И вот теперь она возвращалась от них же и, как мы уже сказали, в прискорбной задумчивости. В этом прискорбии проглядывало кое-что и горько-насмешливое. Птицын проживал в Павловске в невзрачном, но поместительном деревянном доме, стоявшем на пыльной улице и который скоро должен был достаться ему в полную собственность, так что он уже его в свою очередь начинал продавать кому-то. Подымаясь на крыльцо, Варвара Ардалионовна услышала чрезвычайный шум в верху дома и различила кричавшие голоса своего брата и папаши. Войдя в залу и увидев Ганю, бегавшего взад и вперед по комнате, бледного от бешенства и чуть не рвавшего на себе волосы, она поморщилась и опустилась с усталым видом на диван, не снимая шляпки. Очень хорошо понимая, что если она еще промолчит с минуту и не спросит брата, зачем он так бегает, то тот непременно рассердится, Варя поспешила наконец произнести в виде вопроса:

- Всё прежнее?

- Какое тут прежнее! - воскликнул Ганя. - Прежнее! Нет, уж тут черт знает что такое теперь происходит, а не прежнее! Старик до бешенства стал доходить... мать ревет. Ей-богу, Варя, как хочешь, я его выгоню из дому или... или сам от вас выйду, - прибавил он, вероятно вспомнив, что нельзя же выгонять людей из чужого дома.

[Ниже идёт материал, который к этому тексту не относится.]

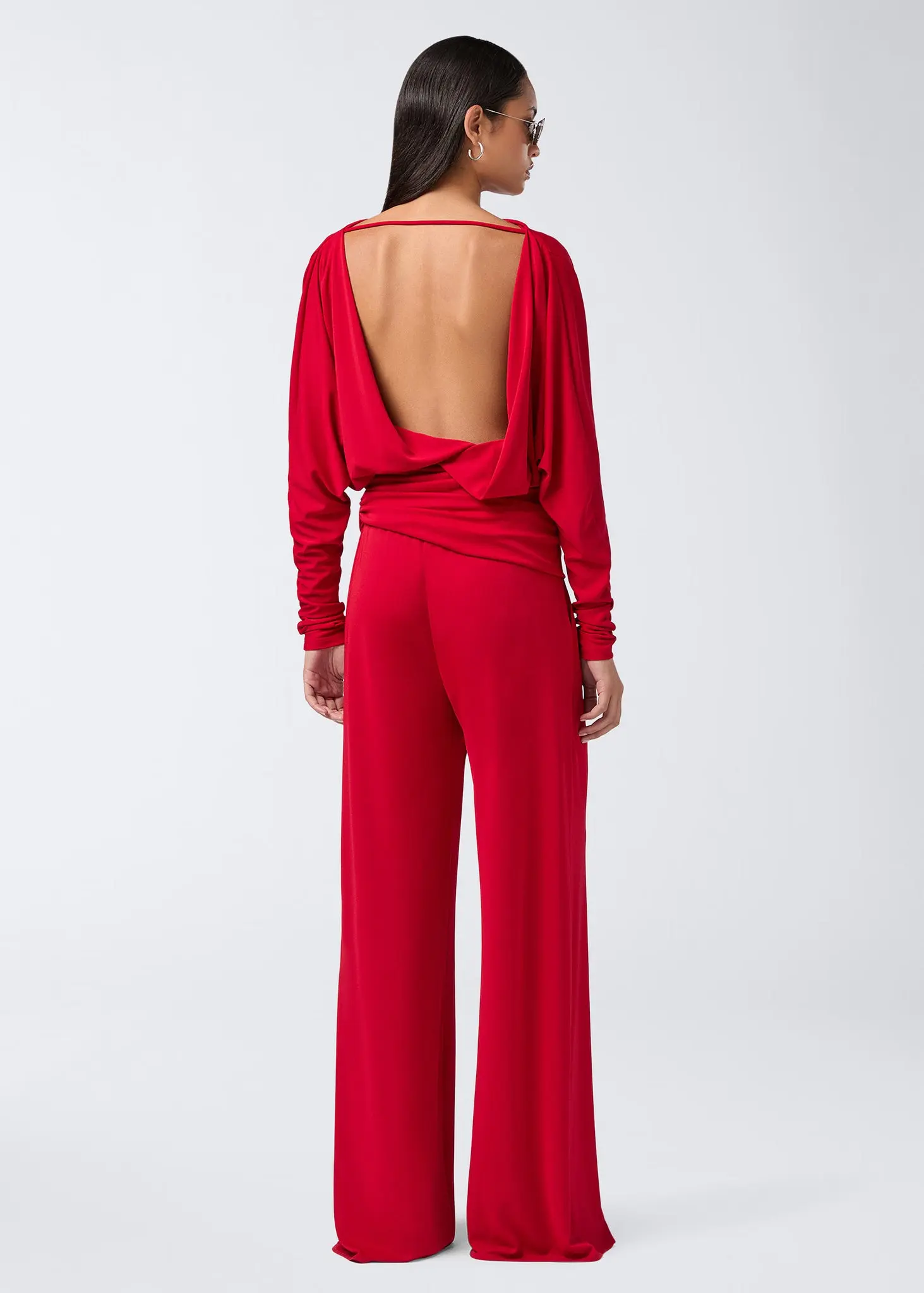 The Wisteria T-shirt is made from scarlet interlock jersey. Designed with soft, flowing lines to create a loose-fitting effect, this women’s top has a high boat neckline that extends into long sleeves. Contrasting with the bodice, this top is fitted around the waist and reveals an open back with a single connecting strap across the back of the neck.
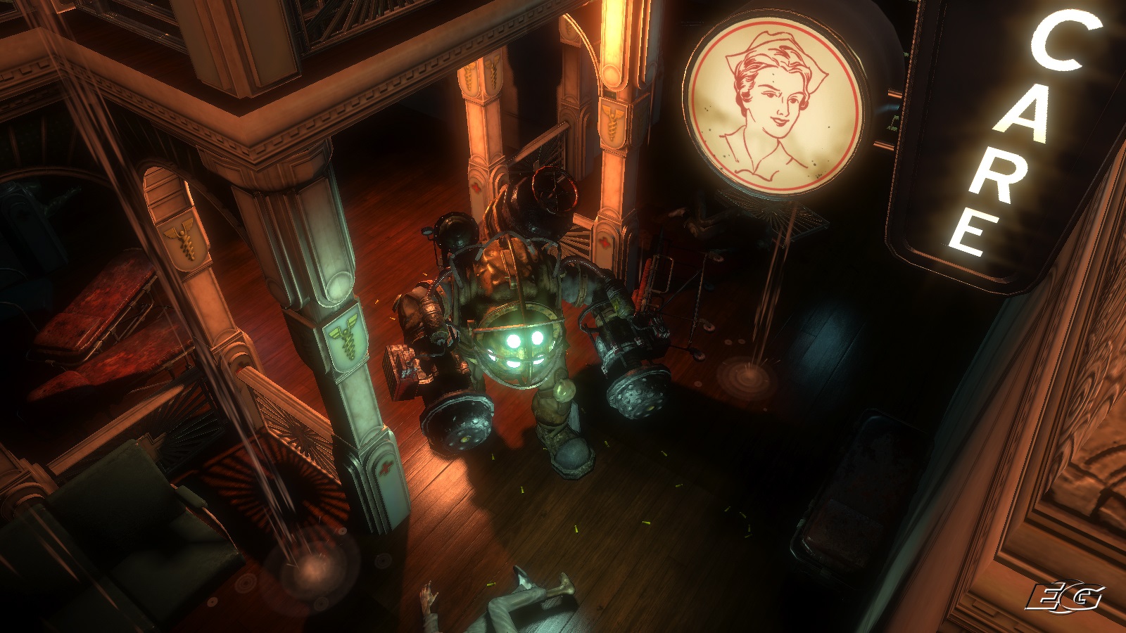Picking up audio logs depicting the decline of civilised values over to animalistic bio-horror? You got it. A silent protagonist with no back-story dropped in to fix things? Of course. Near constant solitude and danger? Naturally. There’s even a big twist in the final act where your guide over the radio turns out to be the main villain, sound familiar? To anyone who’s played System Shock 2 it’s basically business as usual with an art deco twist.
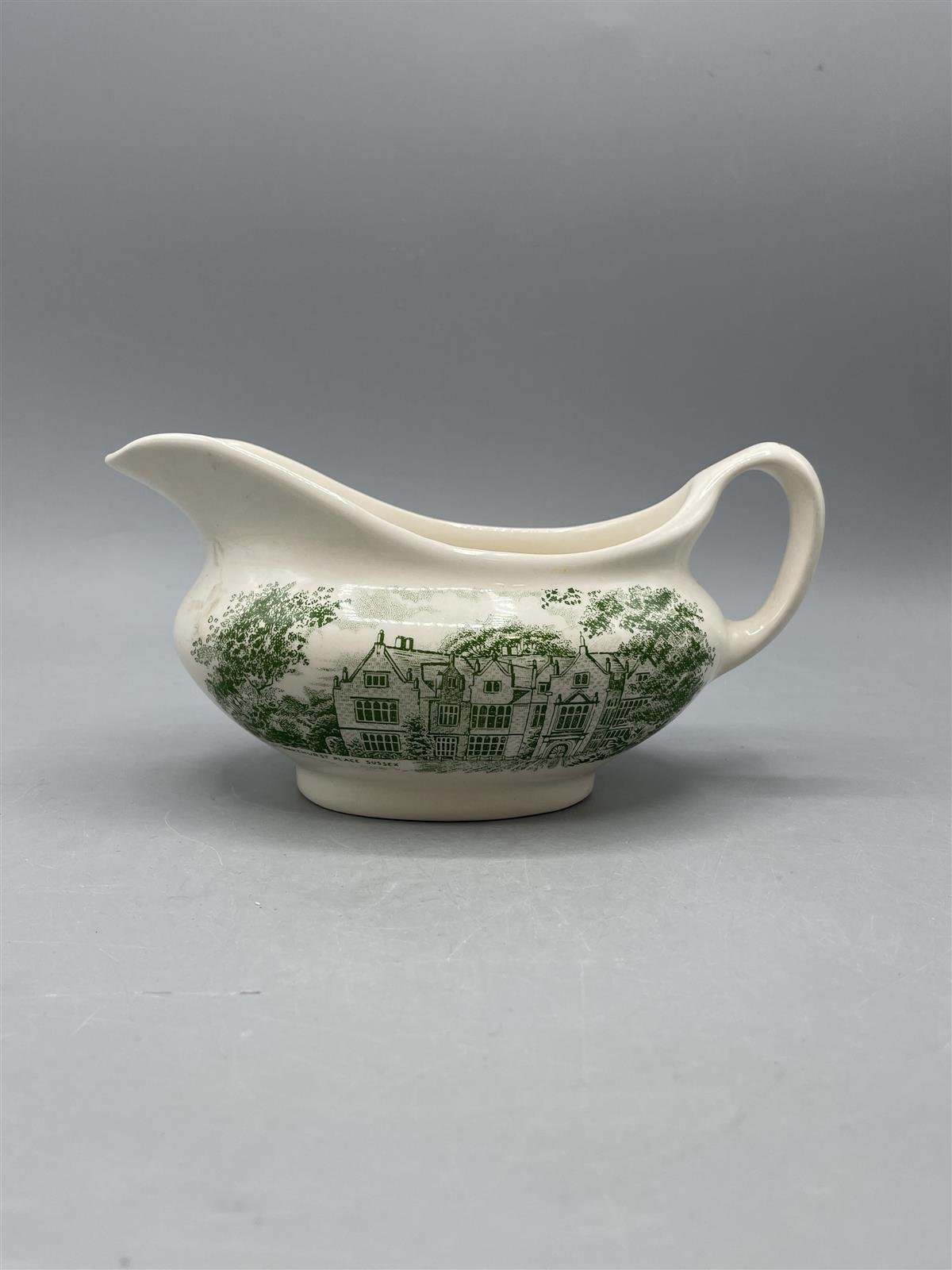 Klassinen kastikekulho, jossa on vihreä kuviointi ja teksti ’Wakehurst Place Sussex’. Valmistettu Englannissa ja se on osa English Ironstone Tablevare-sarjaa.Tyyli edustaa perinteistä englantilaista muotoilua, jossa yhdistyvät käytännöllisyys ja koristeellisuus. Ironstone-astiat ovat tunnettuja kestävyydestään ja kauniista kuvioistaan.Kunto on hyvä, mutta kulhossa on pieniä käytön jälkiä.
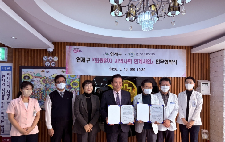 이번 협약을 통해 연제구와 연산인제요양병원은 퇴원 후 거동이 불편한 환자들이 가정에서도 안정적인 생활을 이어갈 수 있도록 긴밀한 협력 체계를 가동할 방침이다.
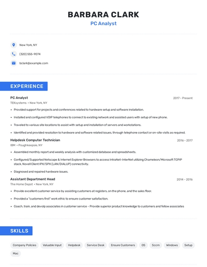 Build a professional pc analyst resume in minutes. Browse through our resume examples to identify the best way to word your resume. Then choose from 5+ resume templates to create your pc analyst resume.
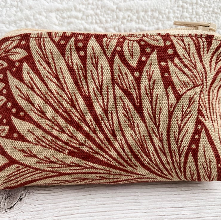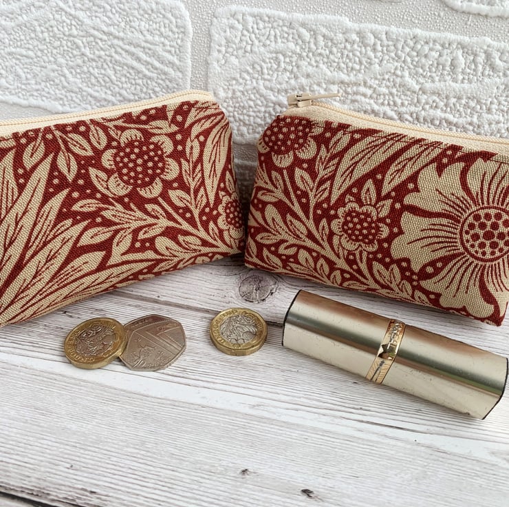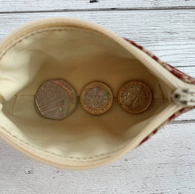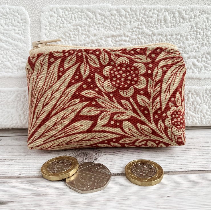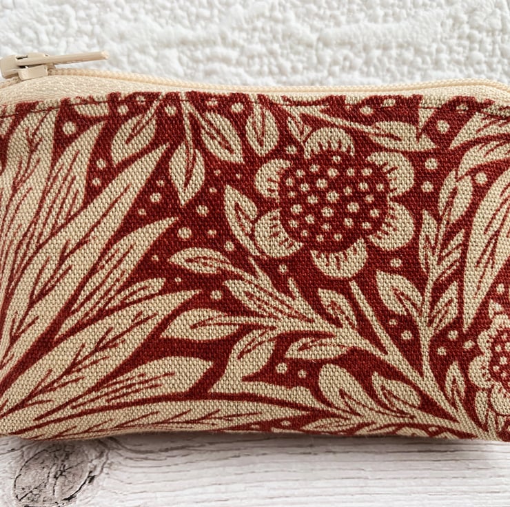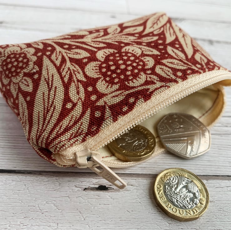 A handy small coin purse with a stylish floral pattern in red and cream. The fabric has a delightful Arts and Crafts style cream floral pattern on a red background. The pattern features stylised flowers amongst foliage and polka dots. The purse has a matching cream zip and is lined with cream fabric. The base of the purse is boxed to give more space inside.
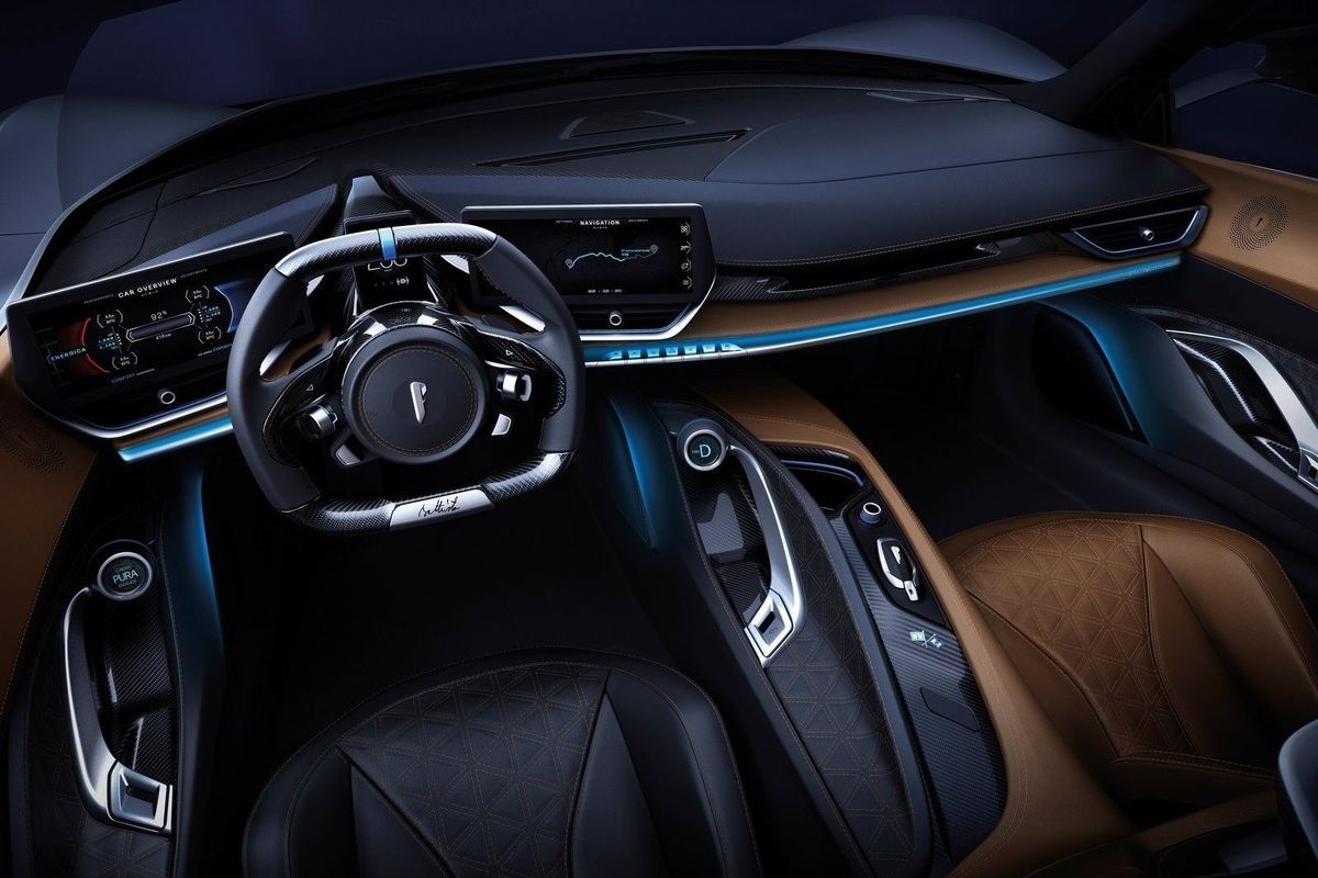 A strikingly styled vehicle, Battista retains the silhouette of a typical mid-engined hypercar, despite being driven by a T-shaped 120kWh battery pack, which is the work of Croatian electric vehicle specialist, Rimac.

- Надо иметь снисхождение, - пробормотала Варя.

- К чему снисхождение? К кому? - вспыхнул Ганя, - к его мерзостям? Нет, уж как хочешь, этак нельзя! Нельзя, нельзя, нельзя! И какая манера: сам виноват и еще пуще куражится. "Не хочу n порота, разбирай забор!..". Что ты такая сидишь? На тебе лица нет?

- Лицо как лицо, - с неудовольствием ответила Варя.

Ганя попристальнее поглядел на нее.

- Там была? - спросил он вдруг.

- Там.

- Стой, опять кричат! Этакой срам, да еще в такое время!

- Какое такое время? Никакого такого особенного времени нет.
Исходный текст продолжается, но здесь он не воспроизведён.